#### [Task directions]
In the records below, the relevant part opens with the line containing "Davinci Jets Services" and closes with the line containing "Dip enlozado blanco"; print that part exactly and only, without its pictures.

=== Extracted entries ===

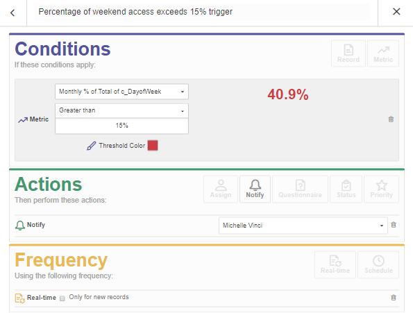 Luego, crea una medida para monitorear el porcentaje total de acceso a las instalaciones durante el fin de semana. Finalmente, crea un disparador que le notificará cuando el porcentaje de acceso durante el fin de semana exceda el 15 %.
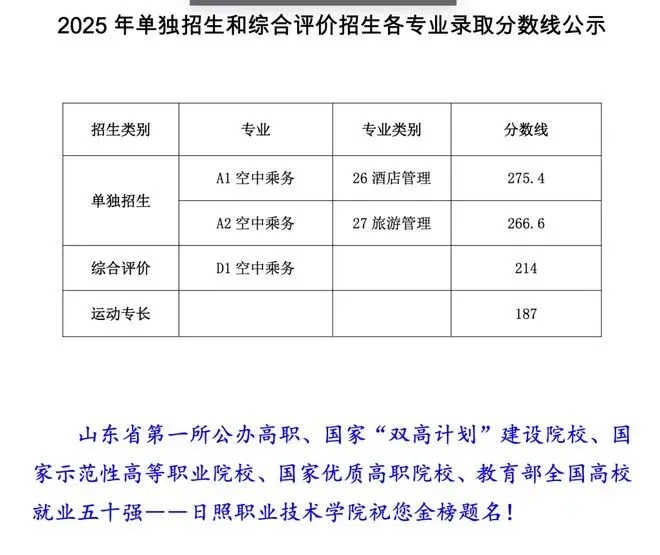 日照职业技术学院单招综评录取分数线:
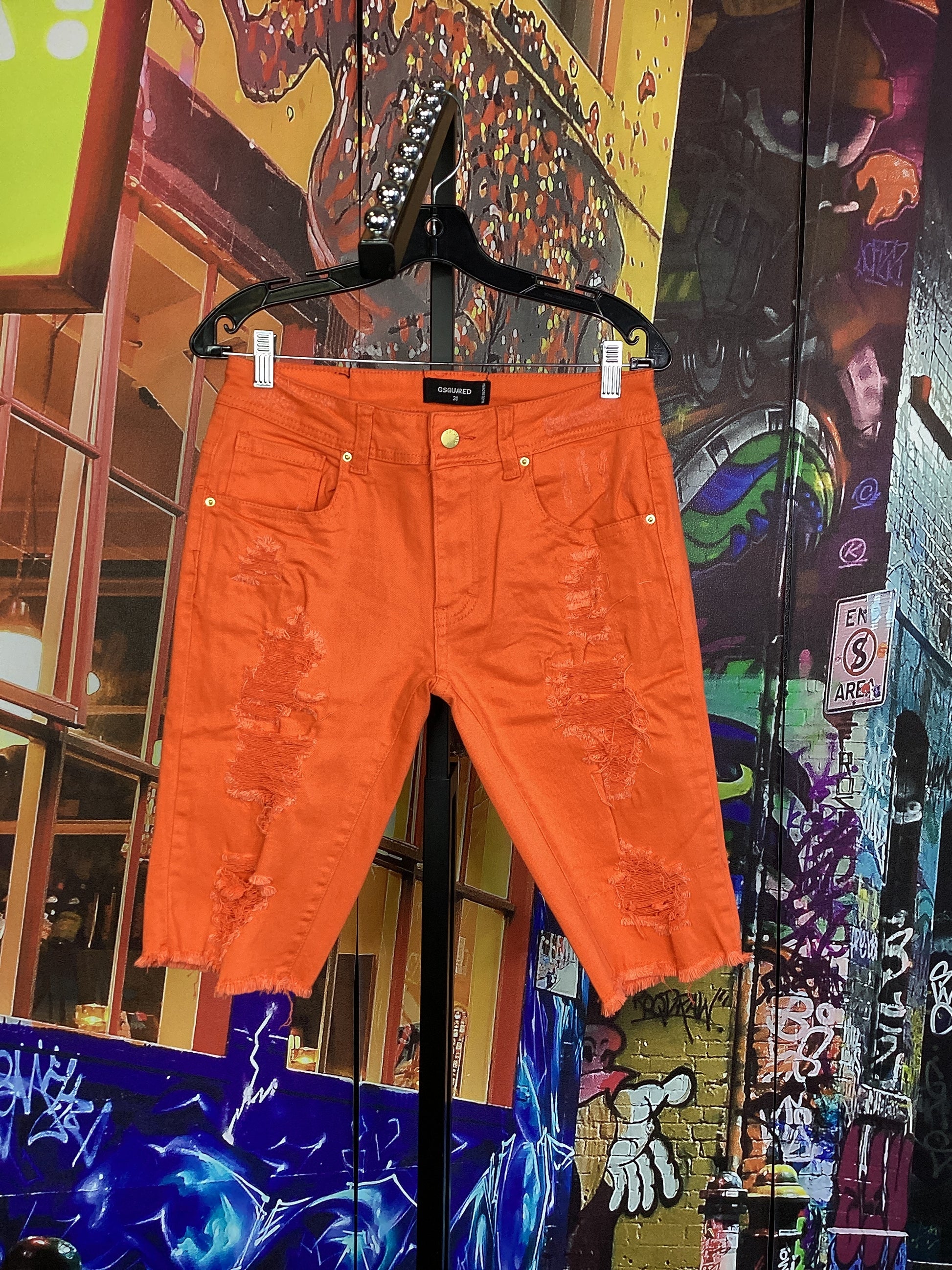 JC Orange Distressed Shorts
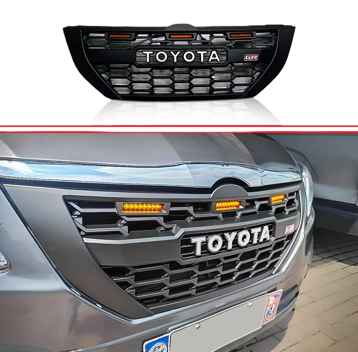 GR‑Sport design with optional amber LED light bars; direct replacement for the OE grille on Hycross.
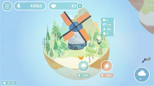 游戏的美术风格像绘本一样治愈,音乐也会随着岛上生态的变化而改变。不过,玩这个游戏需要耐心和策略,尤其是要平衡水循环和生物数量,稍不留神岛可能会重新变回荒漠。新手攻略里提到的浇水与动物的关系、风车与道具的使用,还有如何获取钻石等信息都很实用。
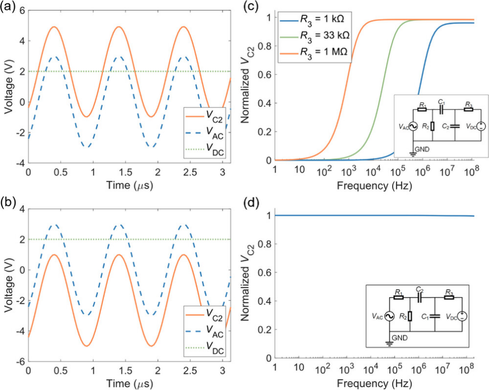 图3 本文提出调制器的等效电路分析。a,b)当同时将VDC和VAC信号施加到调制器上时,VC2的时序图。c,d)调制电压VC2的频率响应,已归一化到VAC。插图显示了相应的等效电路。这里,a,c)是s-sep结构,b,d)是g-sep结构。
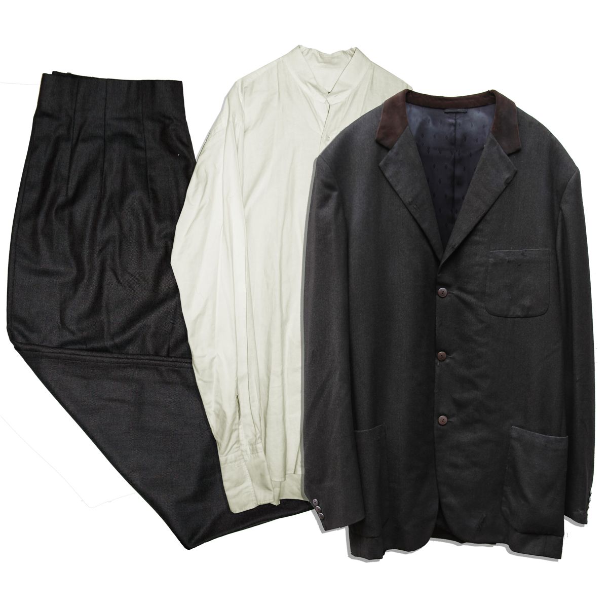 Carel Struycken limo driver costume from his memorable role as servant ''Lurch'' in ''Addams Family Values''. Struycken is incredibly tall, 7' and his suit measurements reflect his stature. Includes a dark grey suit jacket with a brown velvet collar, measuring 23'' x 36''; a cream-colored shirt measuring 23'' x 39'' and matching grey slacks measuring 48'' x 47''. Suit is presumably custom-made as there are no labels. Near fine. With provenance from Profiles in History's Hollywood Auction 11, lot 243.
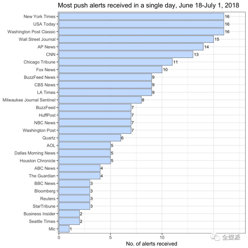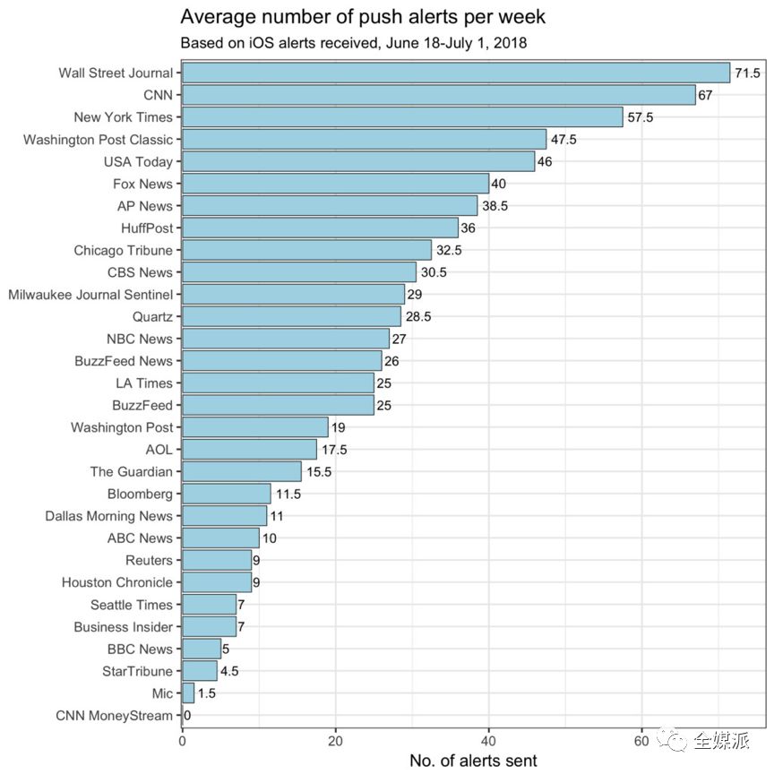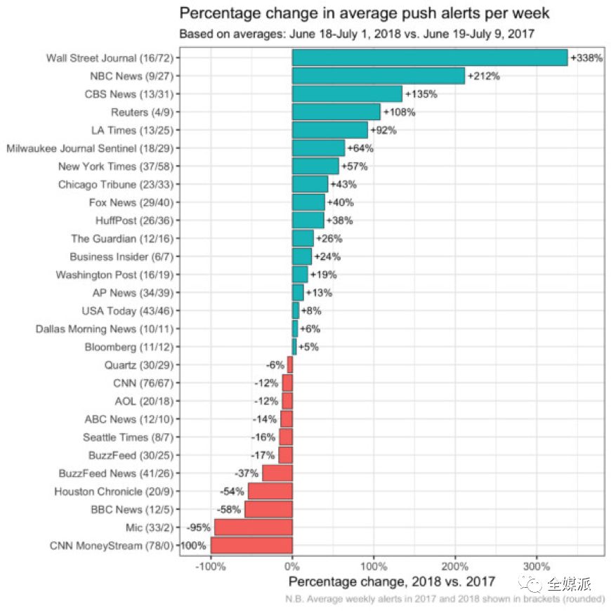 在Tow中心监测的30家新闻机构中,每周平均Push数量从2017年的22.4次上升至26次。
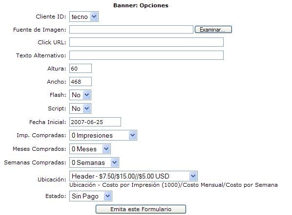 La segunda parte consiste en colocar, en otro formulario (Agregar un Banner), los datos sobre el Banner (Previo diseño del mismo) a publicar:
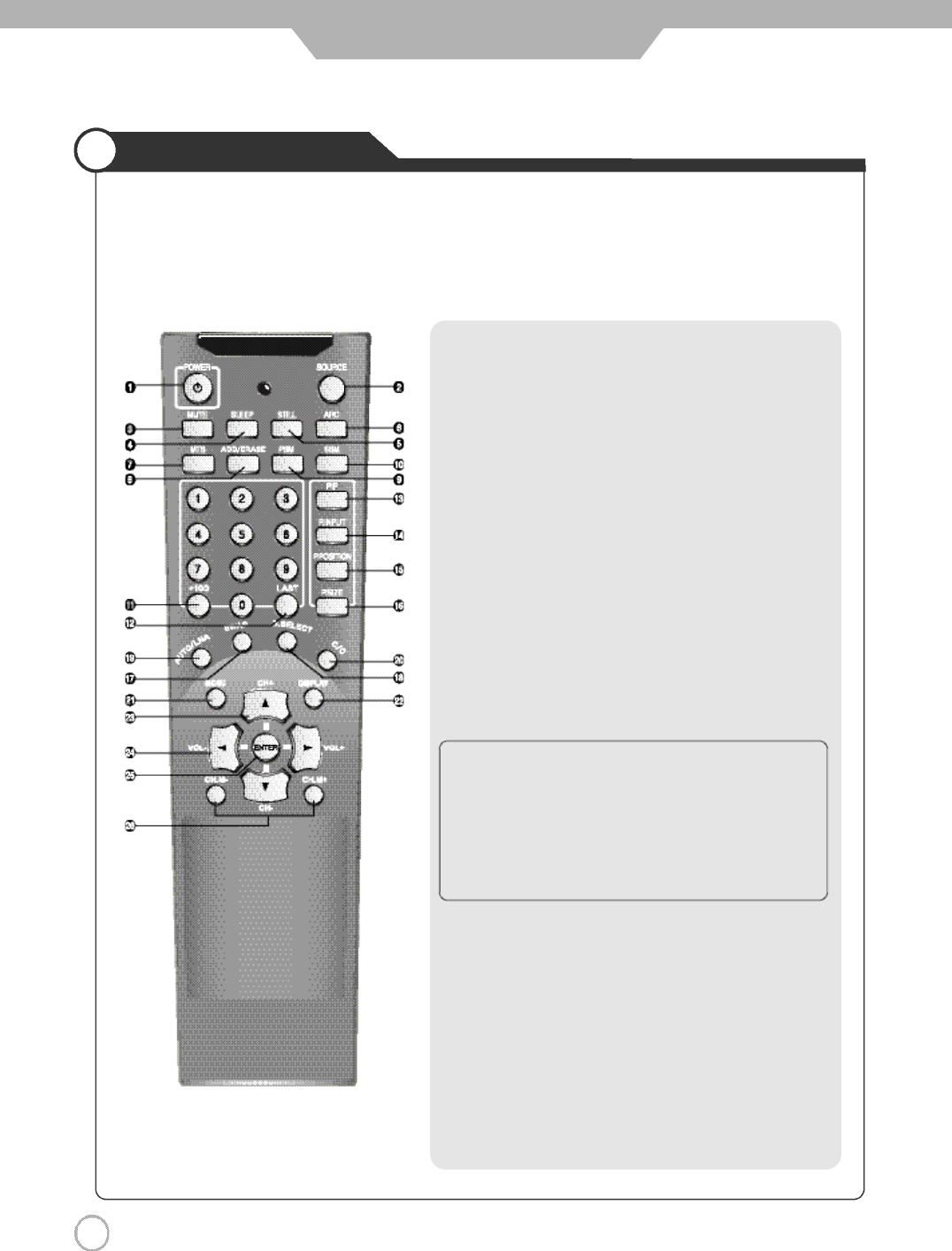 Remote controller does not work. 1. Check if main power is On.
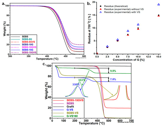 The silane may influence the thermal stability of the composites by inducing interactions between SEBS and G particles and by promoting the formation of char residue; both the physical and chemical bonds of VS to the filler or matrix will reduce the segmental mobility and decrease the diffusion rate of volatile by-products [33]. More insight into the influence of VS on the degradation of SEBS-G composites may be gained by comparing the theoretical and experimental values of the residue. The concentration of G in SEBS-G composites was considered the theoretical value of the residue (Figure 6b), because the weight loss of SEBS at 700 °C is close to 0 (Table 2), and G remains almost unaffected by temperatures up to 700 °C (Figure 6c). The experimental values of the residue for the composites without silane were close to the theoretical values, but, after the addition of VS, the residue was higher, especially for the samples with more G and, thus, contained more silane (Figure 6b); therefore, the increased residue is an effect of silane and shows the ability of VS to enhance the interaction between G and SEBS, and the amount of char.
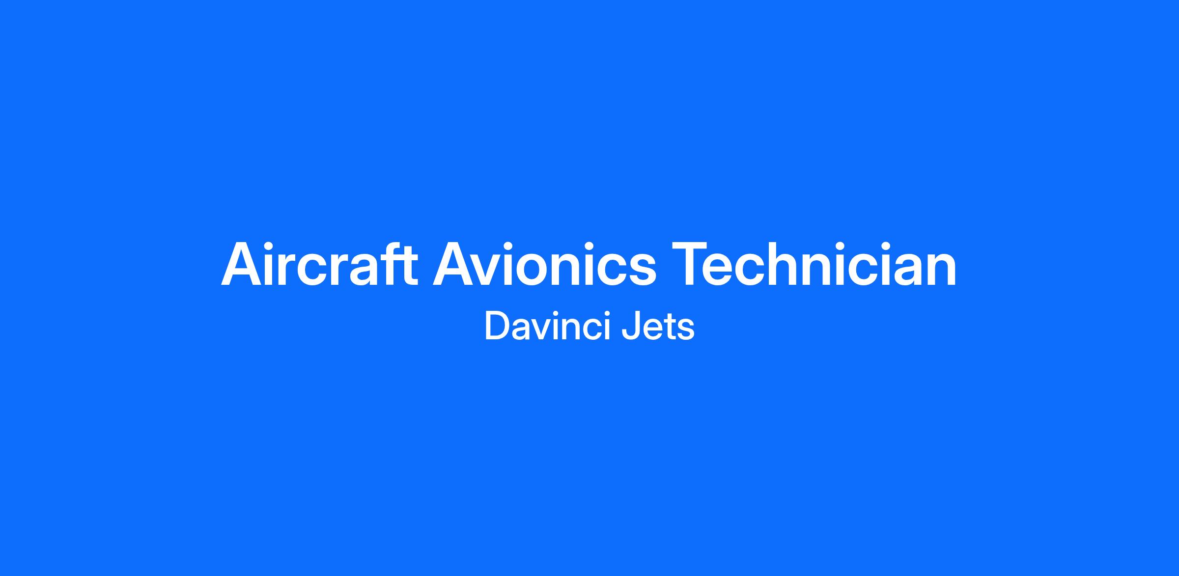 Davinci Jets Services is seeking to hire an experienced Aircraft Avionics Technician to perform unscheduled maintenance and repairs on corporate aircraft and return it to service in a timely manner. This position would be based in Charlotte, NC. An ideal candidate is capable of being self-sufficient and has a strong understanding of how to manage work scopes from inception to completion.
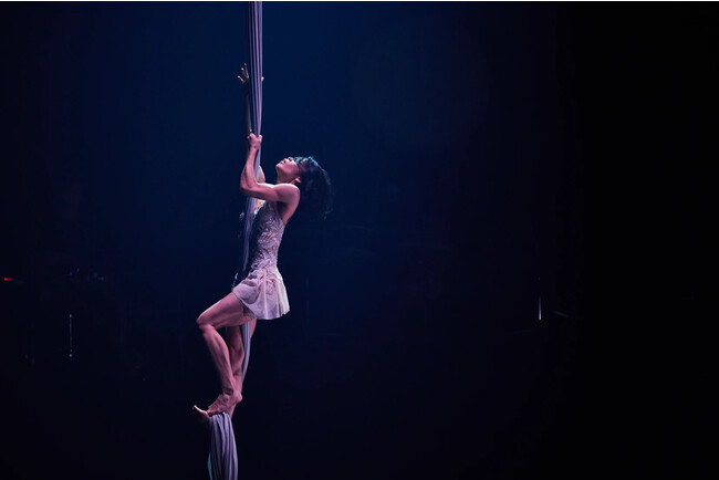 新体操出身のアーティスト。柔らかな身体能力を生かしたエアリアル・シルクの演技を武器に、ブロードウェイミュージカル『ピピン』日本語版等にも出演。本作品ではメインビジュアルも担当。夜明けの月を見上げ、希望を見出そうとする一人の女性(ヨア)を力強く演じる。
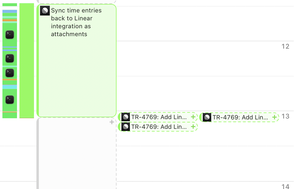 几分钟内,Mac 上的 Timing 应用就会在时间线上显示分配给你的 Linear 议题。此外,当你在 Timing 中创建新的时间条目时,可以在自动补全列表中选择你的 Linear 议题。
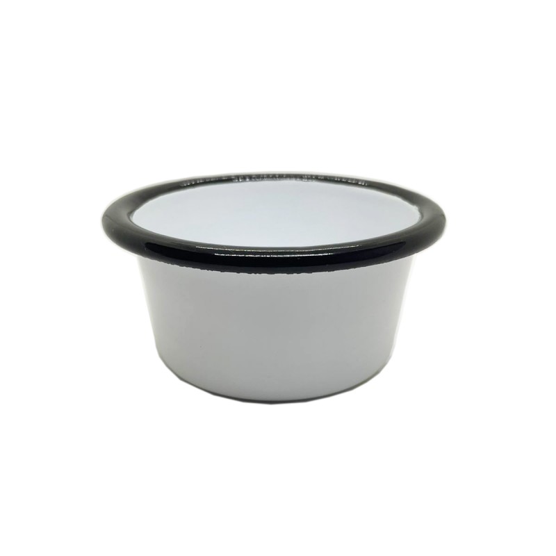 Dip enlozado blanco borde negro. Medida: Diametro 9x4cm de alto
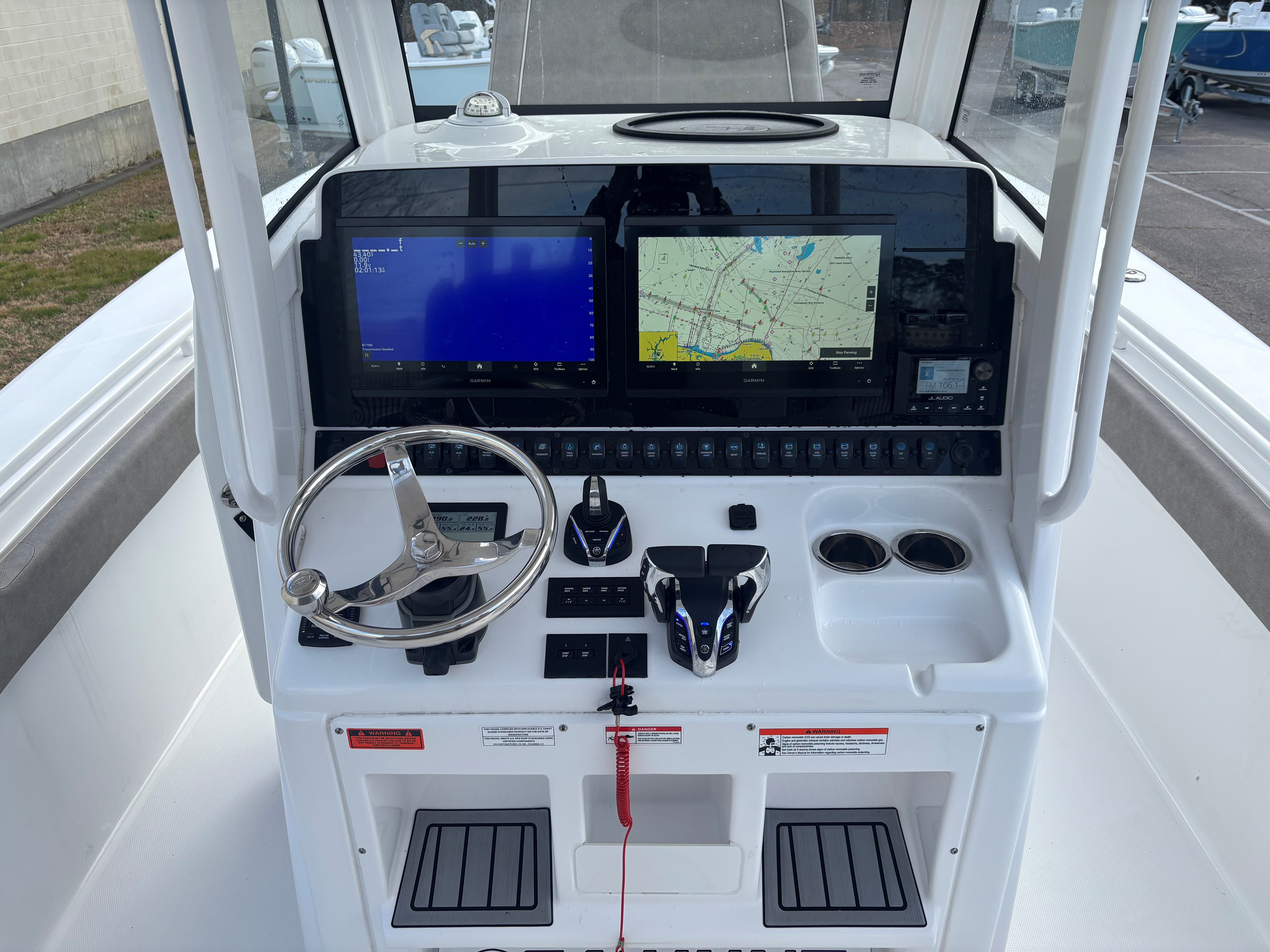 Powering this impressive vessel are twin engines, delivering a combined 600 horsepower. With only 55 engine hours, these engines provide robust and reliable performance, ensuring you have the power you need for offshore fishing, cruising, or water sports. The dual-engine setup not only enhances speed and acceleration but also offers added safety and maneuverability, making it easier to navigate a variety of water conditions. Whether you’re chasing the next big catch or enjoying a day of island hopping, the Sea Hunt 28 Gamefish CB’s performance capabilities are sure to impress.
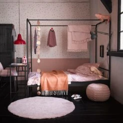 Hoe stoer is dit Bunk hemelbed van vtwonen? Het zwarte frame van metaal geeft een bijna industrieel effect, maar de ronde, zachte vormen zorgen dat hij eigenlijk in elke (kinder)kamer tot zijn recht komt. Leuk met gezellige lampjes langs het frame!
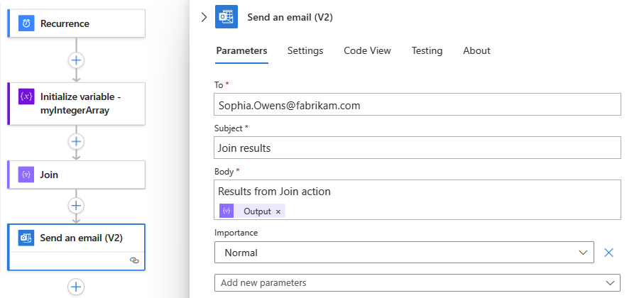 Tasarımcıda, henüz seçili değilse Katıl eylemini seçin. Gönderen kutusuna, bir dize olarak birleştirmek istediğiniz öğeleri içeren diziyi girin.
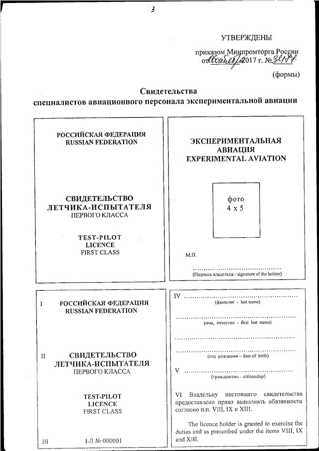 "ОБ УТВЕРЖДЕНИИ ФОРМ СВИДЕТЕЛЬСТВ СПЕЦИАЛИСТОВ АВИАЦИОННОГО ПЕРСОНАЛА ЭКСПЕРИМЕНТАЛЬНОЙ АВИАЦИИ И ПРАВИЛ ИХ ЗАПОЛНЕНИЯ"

===

#### [Reply to the exercise]
 Davinci Jets Services is seeking to hire an experienced Aircraft Avionics Technician to perform unscheduled maintenance and repairs on corporate aircraft and return it to service in a timely manner. This position would be based in Charlotte, NC. An ideal candidate is capable of being self-sufficient and has a strong understanding of how to manage work scopes from inception to completion.
 新体操出身のアーティスト。柔らかな身体能力を生かしたエアリアル・シルクの演技を武器に、ブロードウェイミュージカル『ピピン』日本語版等にも出演。本作品ではメインビジュアルも担当。夜明けの月を見上げ、希望を見出そうとする一人の女性(ヨア)を力強く演じる。
 几分钟内,Mac 上的 Timing 应用就会在时间线上显示分配给你的 Linear 议题。此外,当你在 Timing 中创建新的时间条目时,可以在自动补全列表中选择你的 Linear 议题。
 Dip enlozado blanco borde negro. Medida: Diametro 9x4cm de alto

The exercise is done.